## Record excerpts
┏━━

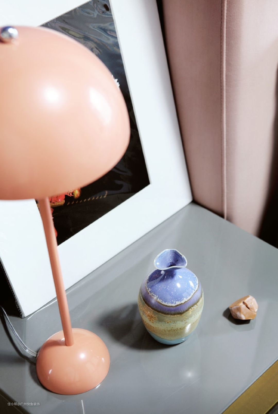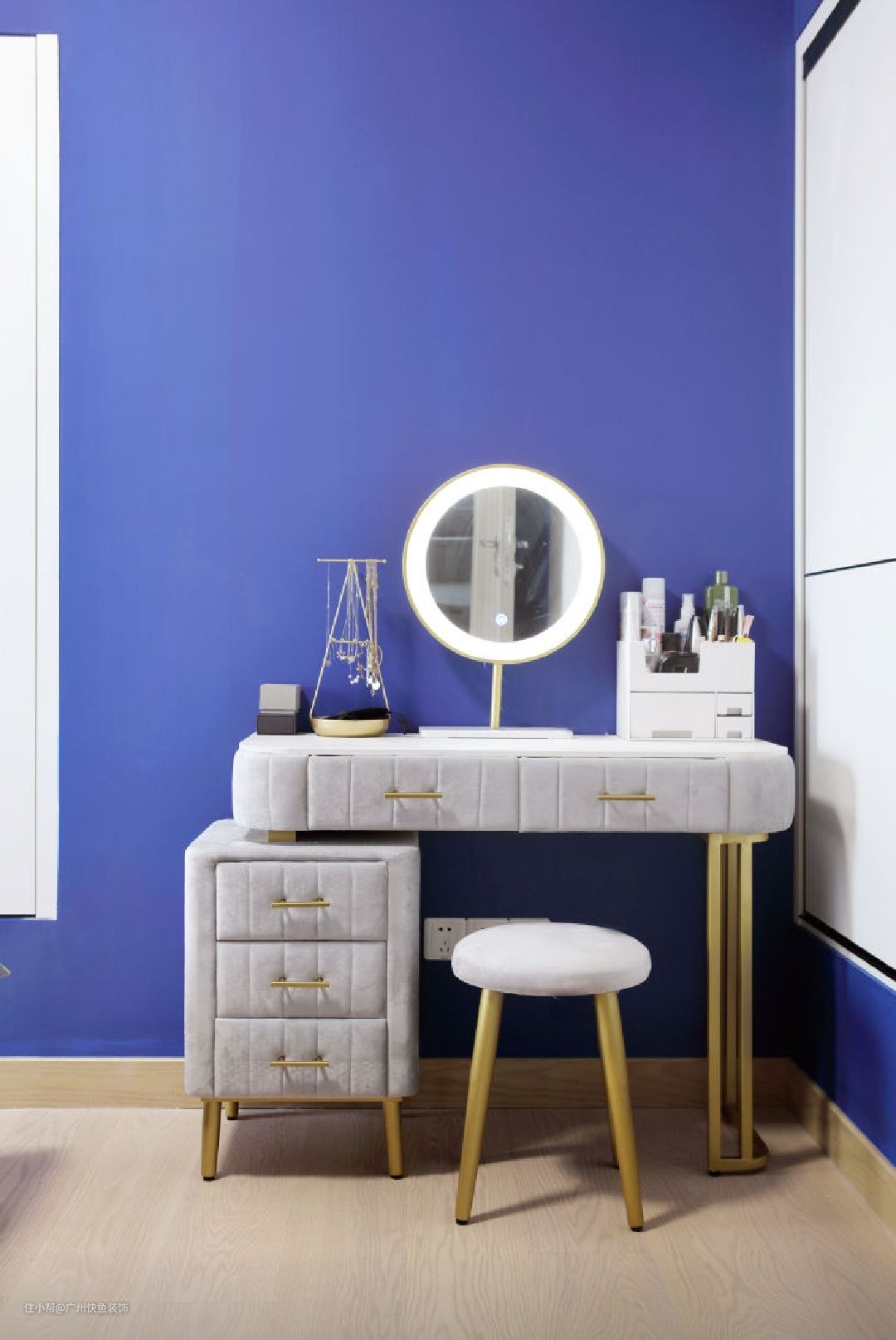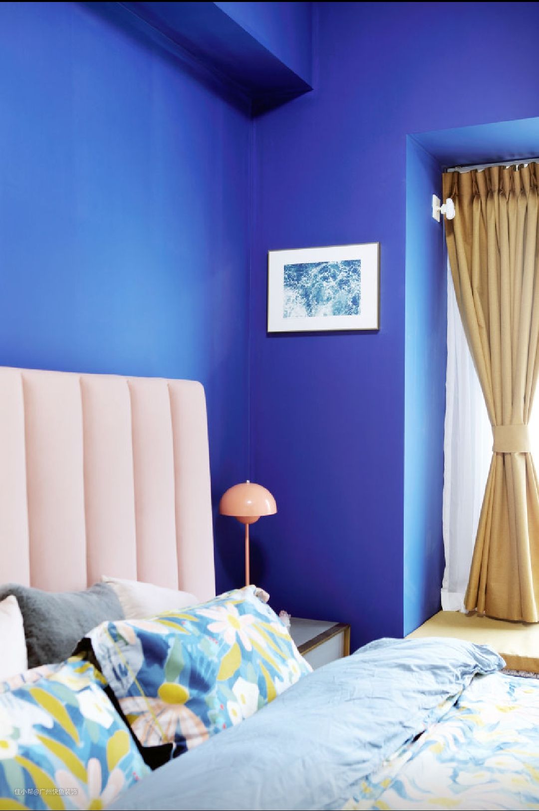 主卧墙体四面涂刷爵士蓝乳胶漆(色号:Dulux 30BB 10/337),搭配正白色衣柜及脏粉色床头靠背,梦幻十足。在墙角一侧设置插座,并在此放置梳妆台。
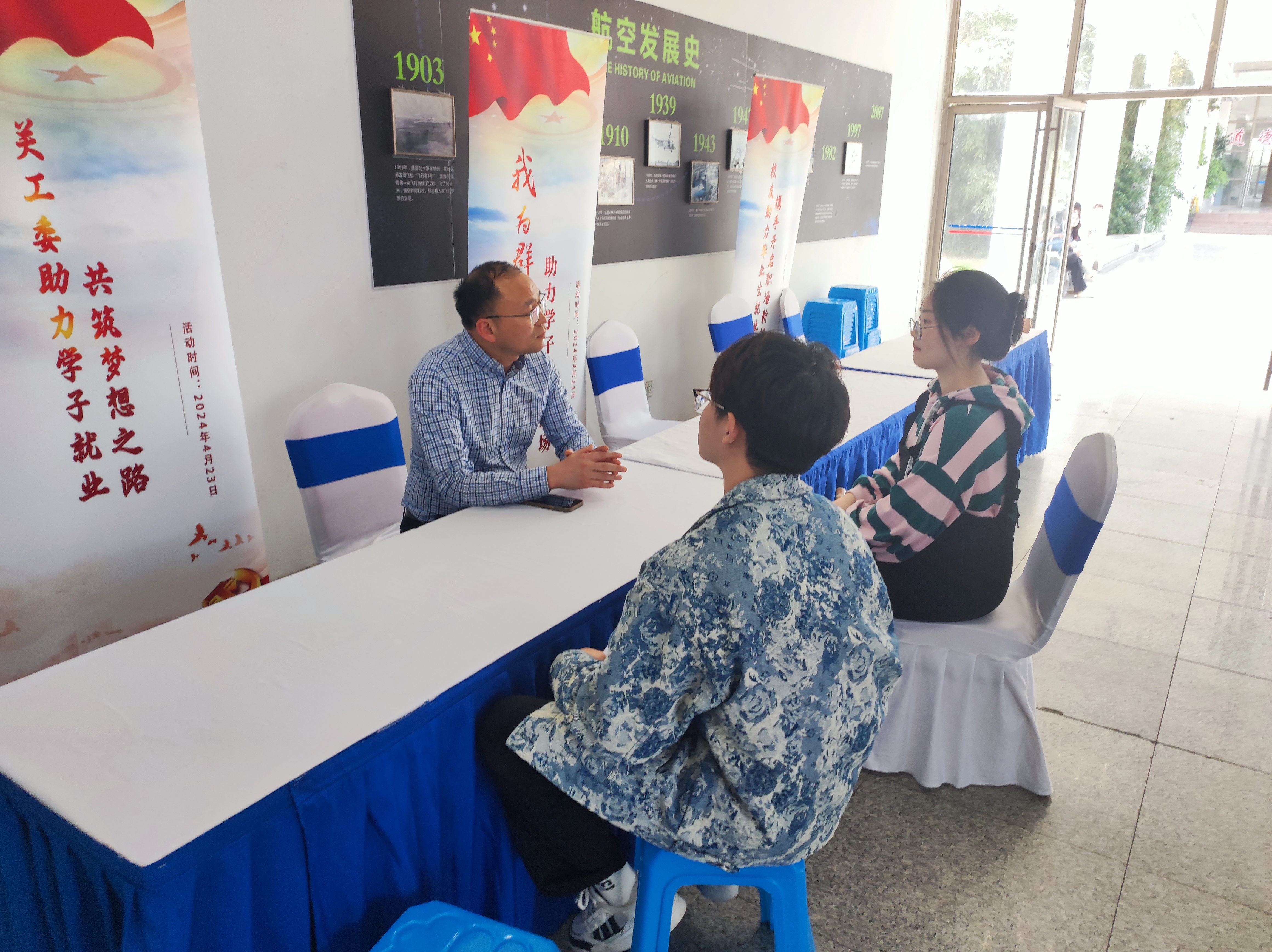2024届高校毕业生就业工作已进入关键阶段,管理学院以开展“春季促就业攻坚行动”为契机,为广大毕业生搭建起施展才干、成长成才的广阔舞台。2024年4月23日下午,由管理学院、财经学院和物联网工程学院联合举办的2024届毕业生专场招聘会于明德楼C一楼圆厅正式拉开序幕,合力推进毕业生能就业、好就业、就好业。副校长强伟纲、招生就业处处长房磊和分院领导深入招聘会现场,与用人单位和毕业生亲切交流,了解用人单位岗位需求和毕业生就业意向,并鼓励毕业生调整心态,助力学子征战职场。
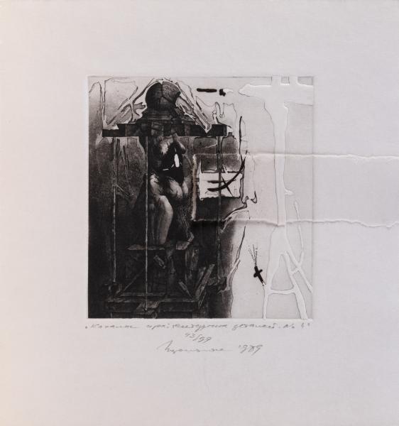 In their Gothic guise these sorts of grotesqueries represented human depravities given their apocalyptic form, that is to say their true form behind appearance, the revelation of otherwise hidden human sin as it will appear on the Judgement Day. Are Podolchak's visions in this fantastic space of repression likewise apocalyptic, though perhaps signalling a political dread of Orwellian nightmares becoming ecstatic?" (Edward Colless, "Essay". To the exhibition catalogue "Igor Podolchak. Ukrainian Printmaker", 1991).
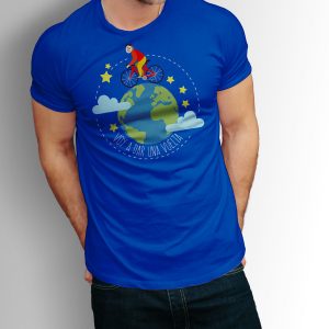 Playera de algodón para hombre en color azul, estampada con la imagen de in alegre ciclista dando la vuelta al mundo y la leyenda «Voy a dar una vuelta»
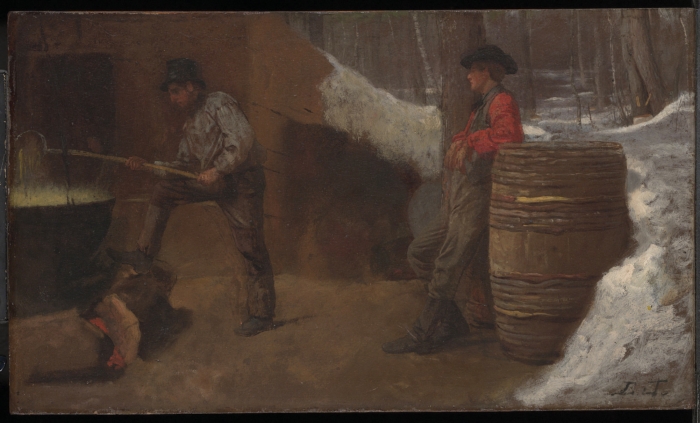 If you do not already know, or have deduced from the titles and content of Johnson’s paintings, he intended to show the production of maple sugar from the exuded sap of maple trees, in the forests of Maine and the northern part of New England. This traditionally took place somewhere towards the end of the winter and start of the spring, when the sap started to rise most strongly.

┗━━
┏━━

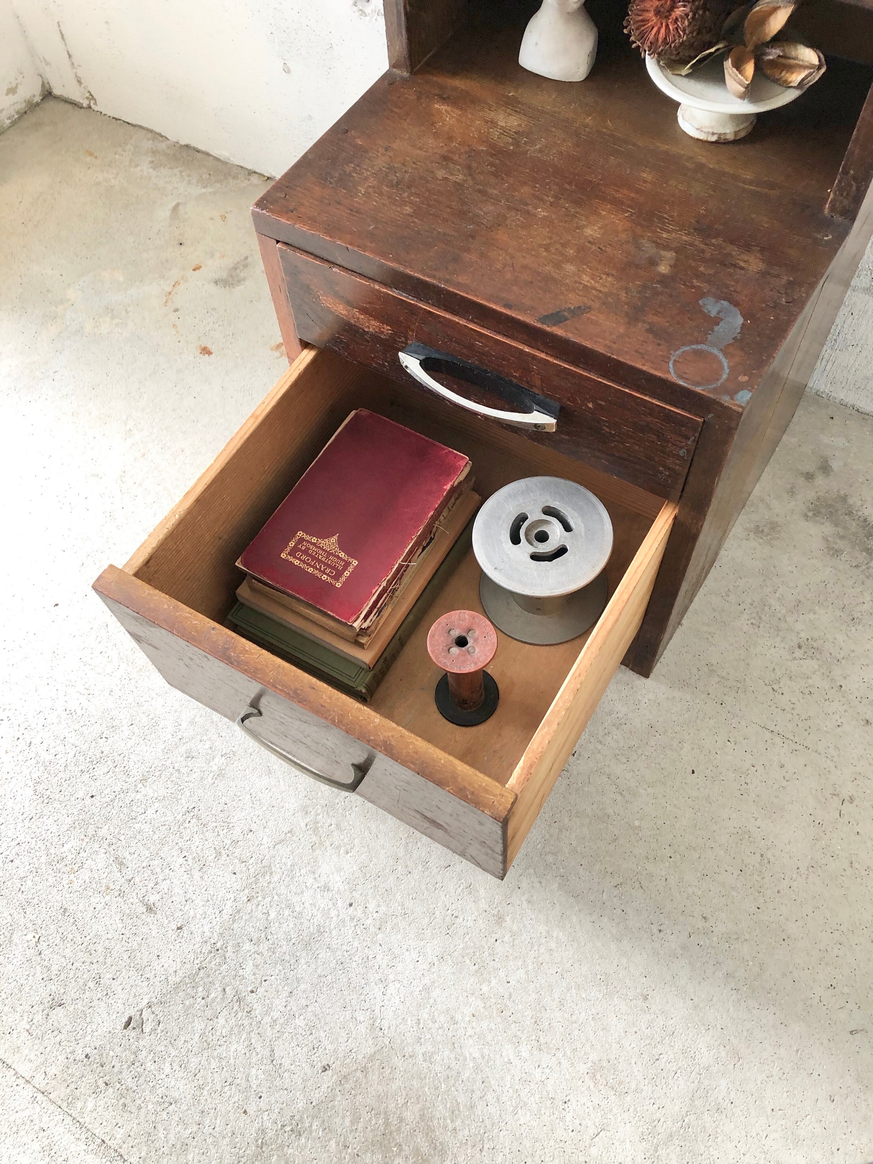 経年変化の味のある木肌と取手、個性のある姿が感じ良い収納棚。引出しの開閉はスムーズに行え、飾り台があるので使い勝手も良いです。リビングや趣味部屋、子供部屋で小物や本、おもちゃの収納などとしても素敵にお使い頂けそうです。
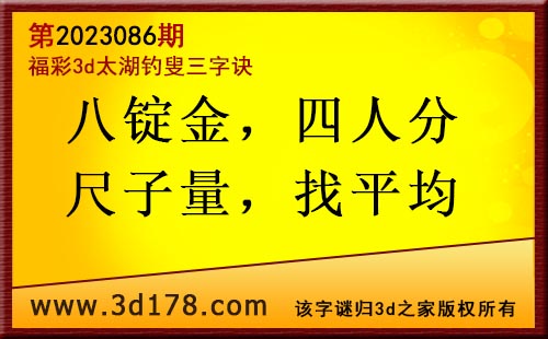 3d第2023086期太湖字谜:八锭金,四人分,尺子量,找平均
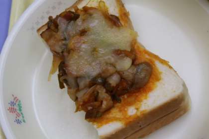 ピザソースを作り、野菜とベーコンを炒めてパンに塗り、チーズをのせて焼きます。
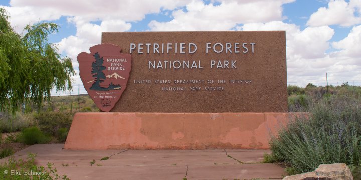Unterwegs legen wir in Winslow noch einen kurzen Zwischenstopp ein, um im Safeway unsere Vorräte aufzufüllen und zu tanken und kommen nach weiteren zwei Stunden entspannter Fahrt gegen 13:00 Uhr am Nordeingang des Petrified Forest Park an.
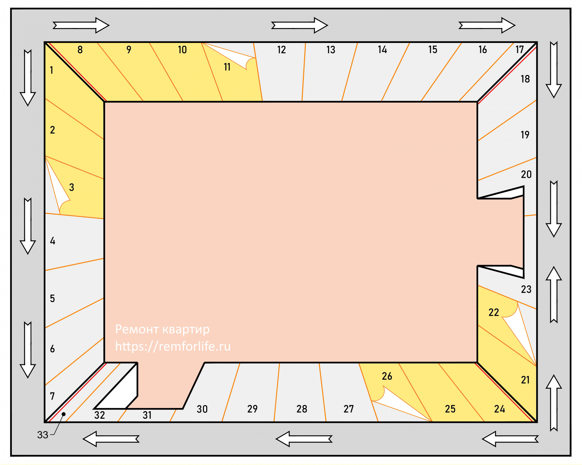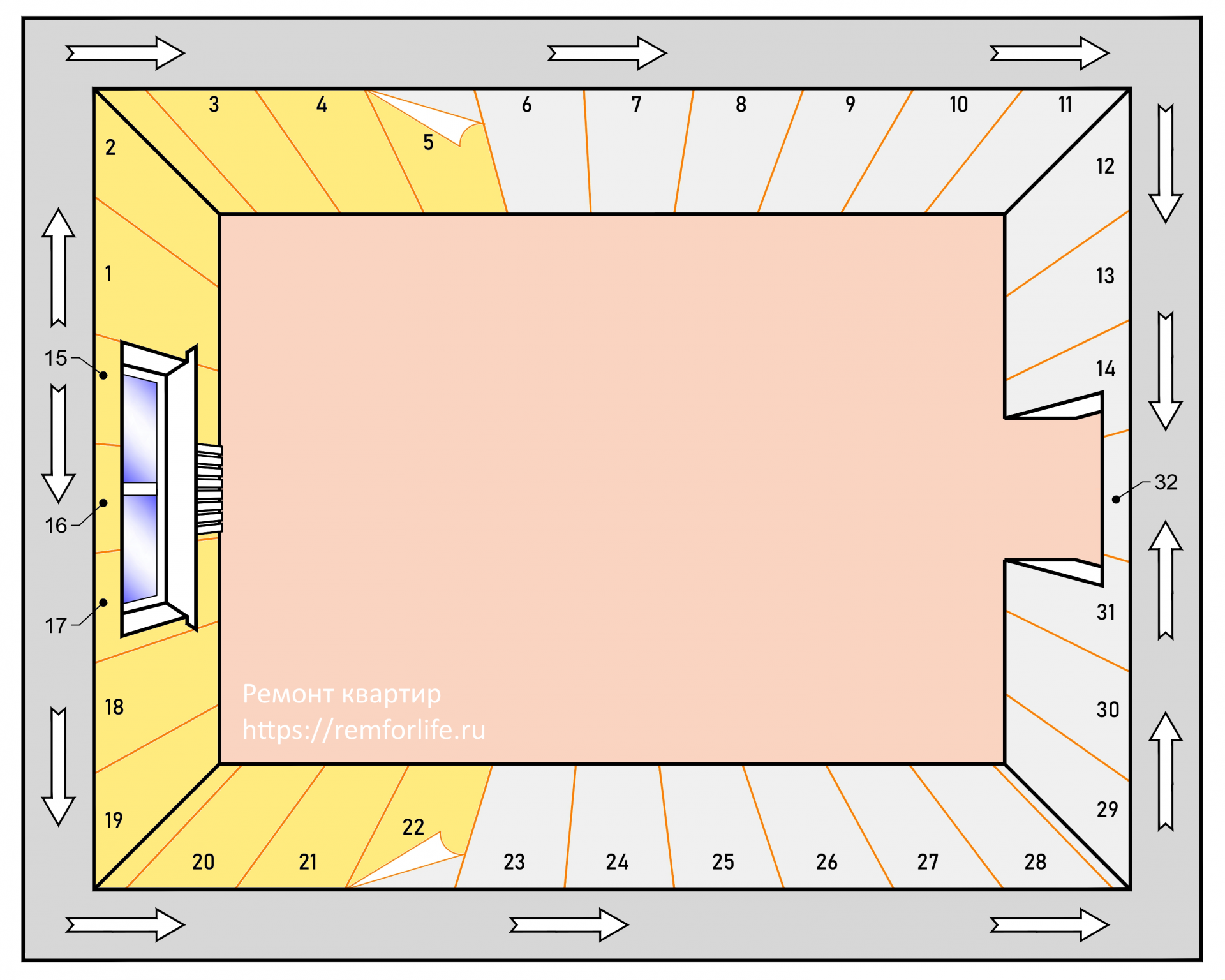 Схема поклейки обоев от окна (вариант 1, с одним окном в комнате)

┗━━
┏━━

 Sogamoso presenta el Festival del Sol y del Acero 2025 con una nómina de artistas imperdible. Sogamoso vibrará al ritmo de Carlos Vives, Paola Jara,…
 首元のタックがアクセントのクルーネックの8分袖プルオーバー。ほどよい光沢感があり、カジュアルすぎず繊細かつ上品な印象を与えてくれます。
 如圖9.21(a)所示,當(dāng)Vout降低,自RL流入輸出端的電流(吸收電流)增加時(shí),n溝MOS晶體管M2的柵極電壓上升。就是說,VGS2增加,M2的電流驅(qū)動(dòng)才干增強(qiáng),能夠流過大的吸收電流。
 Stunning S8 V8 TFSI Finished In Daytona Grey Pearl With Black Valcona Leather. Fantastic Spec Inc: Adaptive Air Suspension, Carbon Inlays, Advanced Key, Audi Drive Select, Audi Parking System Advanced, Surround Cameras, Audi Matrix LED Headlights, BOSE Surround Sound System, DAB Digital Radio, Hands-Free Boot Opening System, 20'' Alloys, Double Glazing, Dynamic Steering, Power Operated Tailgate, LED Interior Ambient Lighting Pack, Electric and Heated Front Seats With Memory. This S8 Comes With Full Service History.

┗━━

## Activity
Repeat, without pictures, exactly the lines of the data above from the one containing "Playera de algodón" through the one containing "If you do not", including both and adding nothing.

## Solution
 Playera de algodón para hombre en color azul, estampada con la imagen de in alegre ciclista dando la vuelta al mundo y la leyenda «Voy a dar una vuelta»
 If you do not already know, or have deduced from the titles and content of Johnson’s paintings, he intended to show the production of maple sugar from the exuded sap of maple trees, in the forests of Maine and the northern part of New England. This traditionally took place somewhere towards the end of the winter and start of the spring, when the sap started to rise most strongly.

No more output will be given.